There are many activities that are more dangerous than MJ usage that are not just allowed, but indeed encouraged and heavily subsidized, by the state, high school football being an example. Sometimes it’s in the public interest to regulate a behavior, but that doesn’t mean that making it illegal is the way to go most of the time.

For instance, I’m quite happy to treat MJ use as a public health problem, but legal prohibition has done more to damage civil liberties in this country than nearly anything over the last forty years. A large chunk of the people in jail are there because of the draconian drug laws. Law enforcement has had major distortions of its incentives over the years because of dubious removal of property: look up forfeiture sometime.

The price of MJ is high not because it’s expensive to grow but because of its prohibition. Much of the violence in that sort of market happen because it’s a black market. If you could buy Philip Morris’ manufactured Rasta Man Ganja down at the Circle K (with a nice big tax funding public health measures) you’d see the prices go down, the violence and criminality sucked out of the market, the cops being able to go back to what they should be doing, etc.

I will leave any religious/ethical arguments to others more qualified to make them.

Angry Midwesterner
Alcohol in moderation improves your health with no ill effects.

Smoking “in moderation” permanently impacts your health negatively.

Mildly Piqued Academician
As I said, so do a lot of things that society actively subsidizes.

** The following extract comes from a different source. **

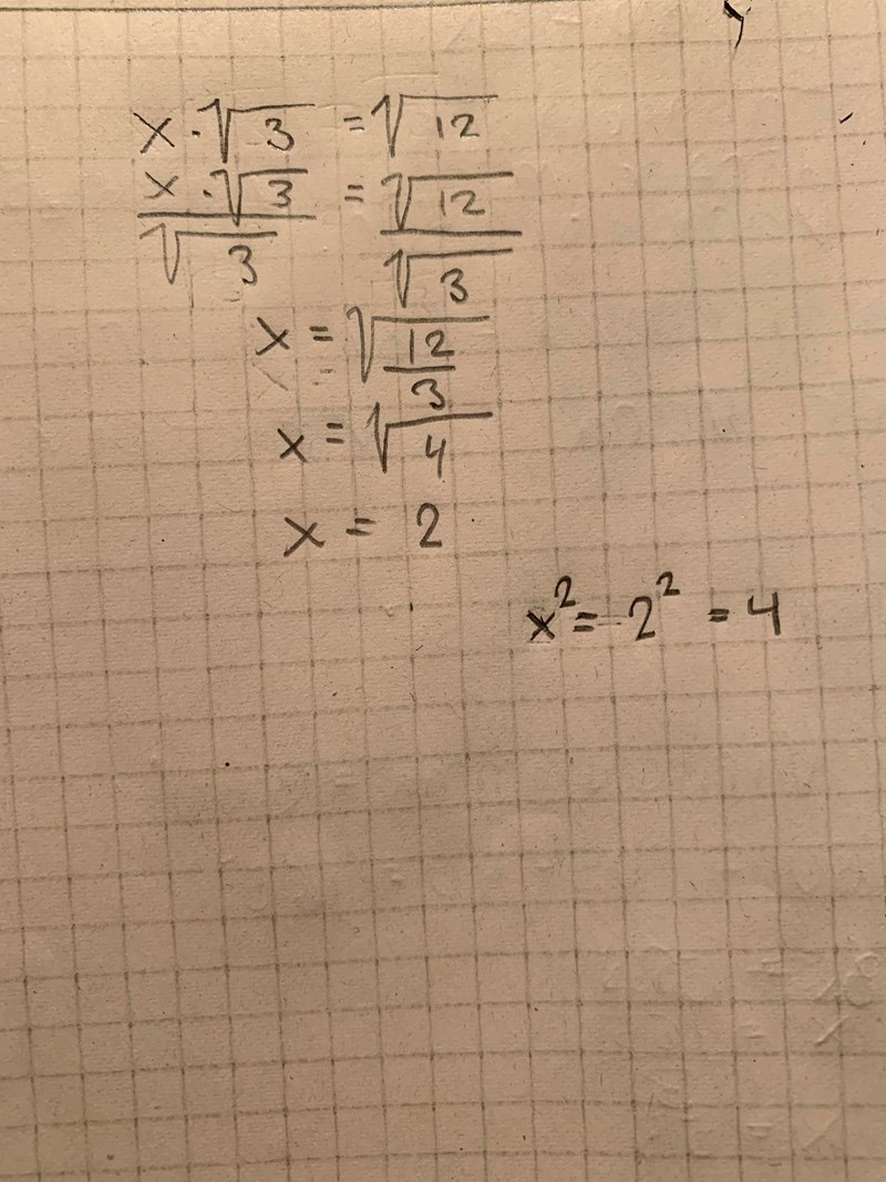 Oj menade självklart = roten ur12! Är X^2 (x*roten ur tre)^2

My general principle is this: The state has to be very, very careful about what it regulates of the behavior of consenting adults.

Angry Overeducated Catholic
Really, is there any evidence, any at all, that MJ has worse societal effects than alcohol? Given the incredibly lethal effects of drinking and driving, the role of alcohol in domestic abuse, assault, and manslaughter, I suspect the public health case can very easily be made against alcohol.

People can take cocaine, MJ, tobacco, heroin, and a wide variety of other drugs in a way that impacts their health less than contact sports, skiing, or most extreme sports. And some do. Many, of course, abuse those substances and come to a bad end. But far, far more abuse alcohol and destroy their lives.

Along AM’s lines, the Temperance movement was 100% correct, and Prohibition was the correct and proper thing to do. And, in fact, it was successful, in that it massively reduced alcohol consumption and, especially, public drunkeness (which was the point). It also, of course, built criminal and political empires.

In both respects, just like the War on Drugs.

Angry New Mexican
Or, to paraphrase Dennis Leary:

They say marajuana is a gateway drug. As far as I’m concerned, marajuana only leads to one thing: carpentry. Because once you start smoking you want to turn everything into a bong.

Angry Midwesterner
My concern is the following:

  • Can it be done in moderation?
  • Does its use necessarily impact those around you?

So temperance was wrong.

Mildly Piqued Academician
Given the incredibly lethal effects of drinking and driving, the role of alcohol in domestic abuse, assault, and manslaughter, I suspect the public health case can very easily be made against alcohol.

Of course it can.

Alcohol (like many other drugs) can be used in a totally responsible fashion, but is frequently abused to varying degrees. The question of whether this is something we put up with, treat as a public health issue (education, rehab) or as a legal matter (these are not exclusive, of course) is a different matter.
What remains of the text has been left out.